— Да, в лес.
— Ну, хочу, а что?
— А в немой лес хочешь?
— Как это в немой лес?
— Без птиц.
— Разве лес без птиц бывает?
— Будет, если всех комаров убить. Птицы с голоду пропадут.
— Все?
— Не все, разумеется.
— Что им, кроме комаров есть некого?
— Почему некого? Есть муравьи.
— Нет, муравьев нельзя, они полезные.
— Но птицы этого не знают.
— Да-а…
Все щели на кухне залиты водой. По каменному полу растекаются лужи. Вода выносит из-под плиты и шкафов все, что угодно: пыль, крошки, мандариновые корки, обертки от конфет, — но только не сверчка. И корки, и обертки — проделки Андрея, и ему не очень приятно, что они обнаружились. Он заметно теряет интерес к уборке. Любопытство не утолено, пельмени ускользают. Не вымыт лишь коридор, а в нем все на виду: он пуст. Открыв дверь, я выставляю ведро на крылечко и в последний раз выжимаю тряпку. Остался угол, где стоят Андрейкины сандалеты, и именно из-под них вдруг выскакивает сверчок. От неожиданности я роняю тряпку и зову сына.
— Ты же его закопала под тряпку, — волнуется он.

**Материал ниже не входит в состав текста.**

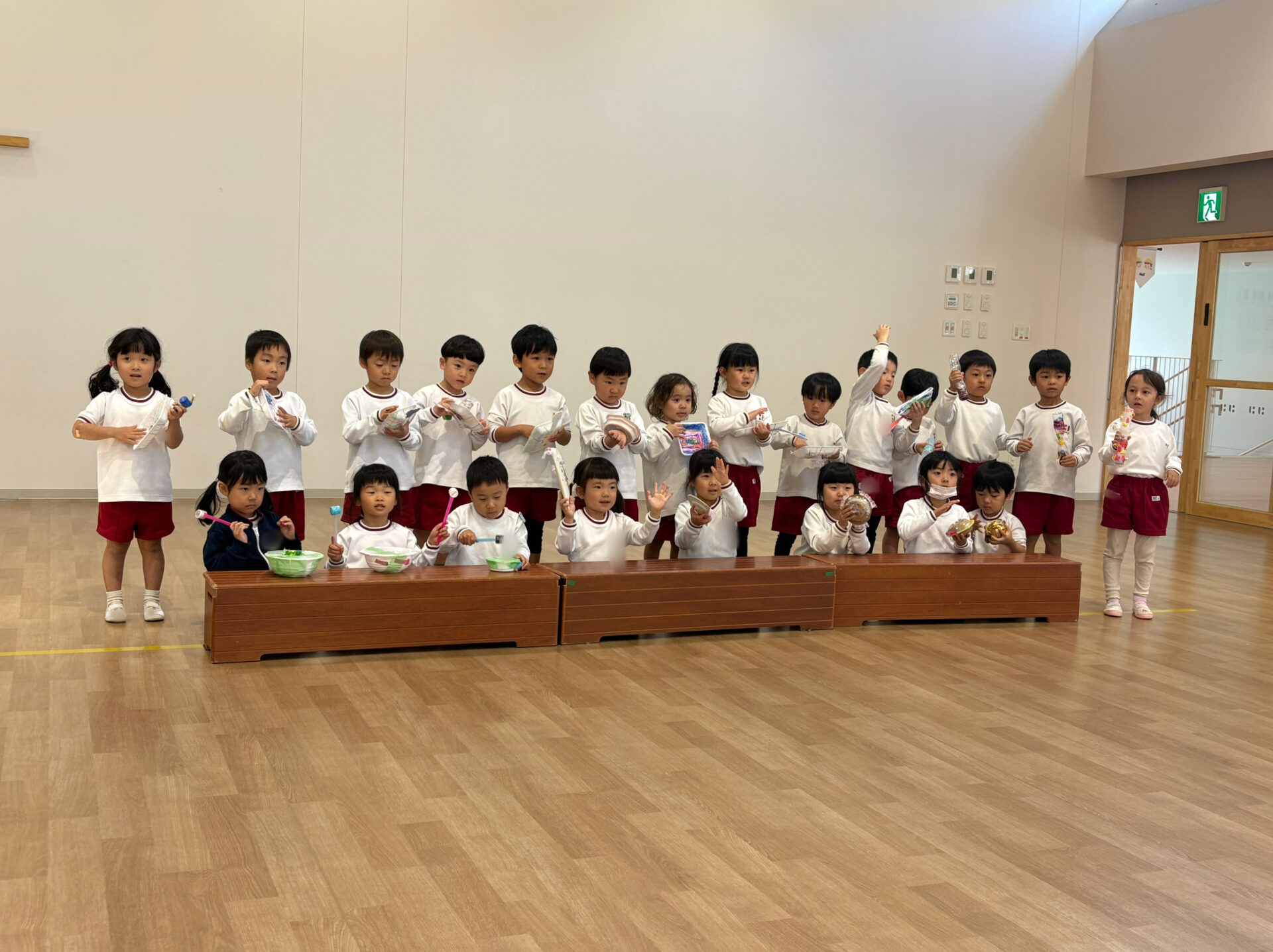 世界にひとつだけの素敵な楽器での演奏でした!次はいよいよ✨園の楽器を使って演奏してみましょう😊🎵
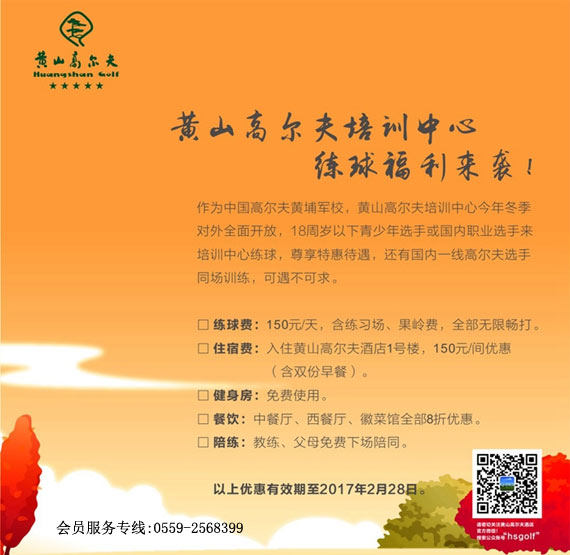 150元/天 黄山高尔夫培训中心练球福利来袭!
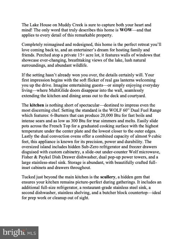 The Lake House on Muddy Creek - A Truly One-of-a-Kind Retreat Perched on a private 15+ acre lot with sweeping lake views from every angle, this completely reimagined home offers a rare blend of tranquility and jaw-dropping luxury with unmatched convenience. Key Highlights: · Walls of windows + disappearing MultiGlide doors blur the line between indoors and out - perfect for everyday serenity or hosting unforgettable gatherings. · Chef's dream kitchen featuring a 60""� WOLF Dual Fuel Range, hidden Sub-Zero fridge/freezer drawers, oversized island, scullery with second dishwasher & fridge, and a perfectly placed wet bar with pass-through to the screened porch. · Screened porch with real gas lanterns and premium ipe decking set the tone for magical evenings outdoors. · Soaring living room with vaulted ceilings, custom built-ins, and slate fireplace (gas-ready). · Main-level primary suite with spa-style bath, marble walk-in shower, floating double vanity, and laundry-ready walk-in closet. · Lower level built for fun - radiant heated floors, wood-burning fireplace, huge family/game room, full guest suite, and large laundry/storage room. Additional Perks: · European-style vestibule entry with red doors & custom tile. · Stunning guest bath with hand-laid tile & slate walk-in shower. · Multiple patios for sunrise & sunset lounging. · Wildlife, lake views, and absolute privacy - all just beyond your windows. You're just: · 5 minutes to Hartge Yacht Harbor - perfect for Chesapeake Bay boaters. · Surrounded by local favorites like Pirates Cove and Stan and Joes Riverside for waterfront dining and relaxed weekends. · 10-15 minutes to shopping and errands in Edgewater (grocery, Target, restaurants, coffee shops). · 20 minutes to Downtown Annapolis for dining, festivals, and Naval Academy charm. · 35-40 minutes to Washington, D.C. - ideal for commuters. · Close to major routes (Rt 2, Rt 50, I-97) and 30 minutes to BWI Airport for effortless travel. If you've been looking for true privacy without sacrificing convenience, this home delivers it all - a world away when you're here, yet minutes from everywhere you need to be. Coming Soon status may likely change to Active status prior to the date noted in MLS. Additional photos and details will soon be uploaded. Final Walkthrough Tour is now uploaded.
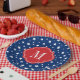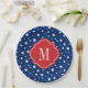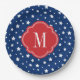 Plaques papier imprimées sur mesure avec un motif étoilé patriotique mignon et votre monogramme personnalisé ou autre texte dans un cadre élégant en quatrefoil. Cliquez sur Customiser pour modifier les polices de texte et les couleurs ou ajouter vos propres images pour créer une image unique d'un design unique. Parfait pour votre prochain pique-nique en famille ou 4 juillet barbecue !

— Я не хотела. Доставай скорей сам. Я его боюсь.
— Ты что, девчонка, что ли?
Стоя на коленях, он расправляет мокрую тряпку, ощупывая каждый сантиметр, и бесстрашно вытаскивает на свет маленькое невзрачное насекомое. Острые колени сверчка зажаты между двумя пальцами.
Удивительный народ — мальчишки, могут спокойно взять в руки любую тварь. Девчонки бы уже пищали на весь двор.

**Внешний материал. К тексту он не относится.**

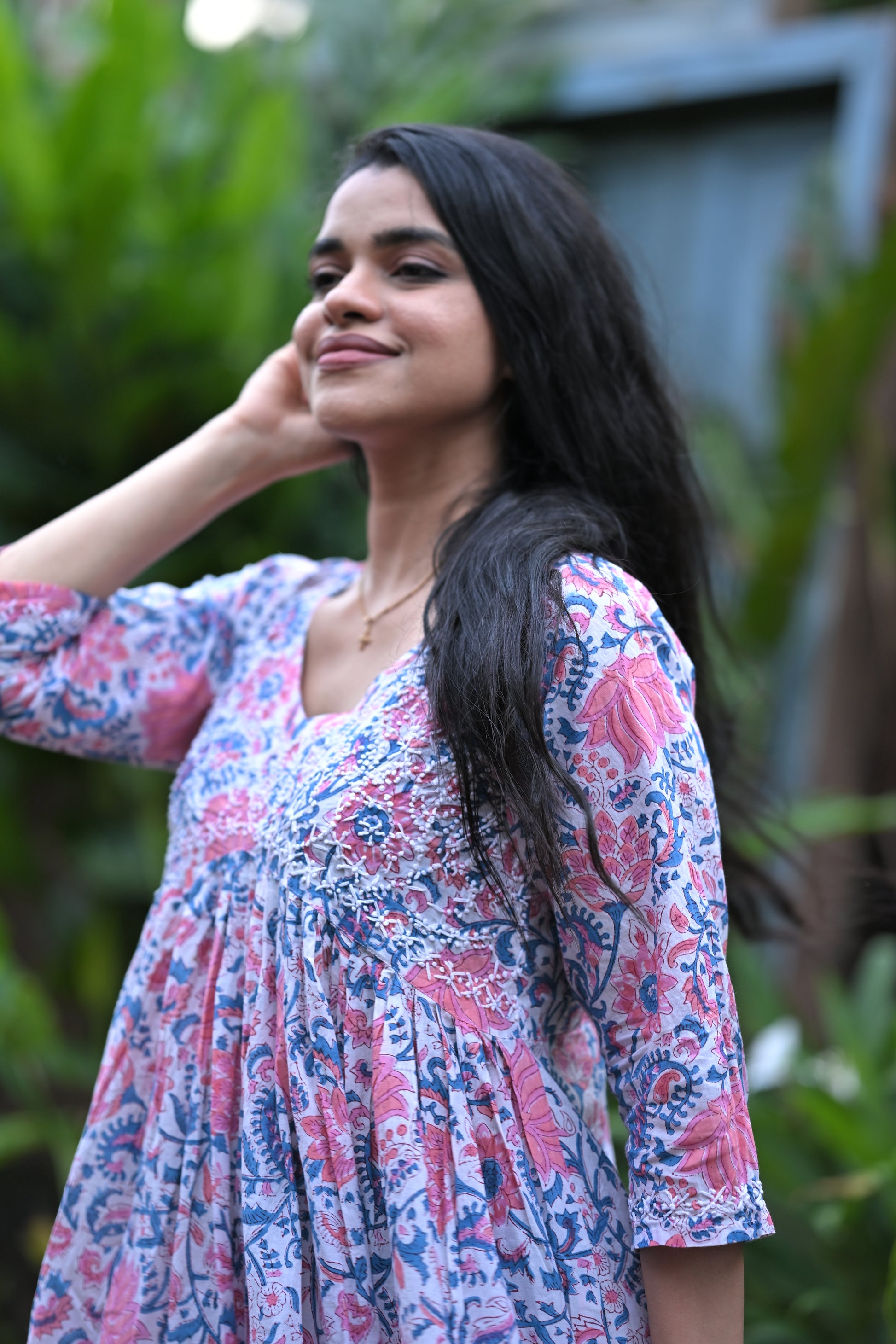 Expertly handcrafted in India for you, this Aliya Cut Dress and pants stands out in its elegant simplicity. Made of Jaipur block printed cotton and adorned with intricate French knot handwork, this dress is a true work of art pairing with same printed pants with pockets on both sides. Perfect for anyone looking for a unique and beautiful addition to their wardrobe.

А что, собственно, значит, «любую тварь»? Тварь — творить — творение…
— Мам, а он, правда, без уса.
— Да ну?
— Смотри!
Я разглядываю сверчка, поворачивая руку сына то влево, то вправо: один ус у сверчка на месте, другой перекушен.
— Трус, сбежал, пожалел второй ус, — осуждает Андрей.
— Может, не он, а тот, другой, его пожалел? — спрашиваю я не то сына, не то себя.
— И куда его теперь?
— Не убивать же, если они друг друга пощадили.
— Пойду, выпущу…
Я стою с мокрой тряпкой на пороге, очень, наверно, смешная и растерянная, если глянуть со стороны.
— Ушел?
— Нет, сидит под кустом.
— Ничего. Пусть поразмыслит немного да мотает на оставшийся ус. Впредь будет умнее.
Придется браться за пельмени — проспорили.
А второй сверчок где-то забился в угол до вечера. Ни звука. Поди угадай, что у территории есть хозяин, что он начеку и готов оторвать ус любому за свои квадратные метры. Правда, убить другого он себе не позволит…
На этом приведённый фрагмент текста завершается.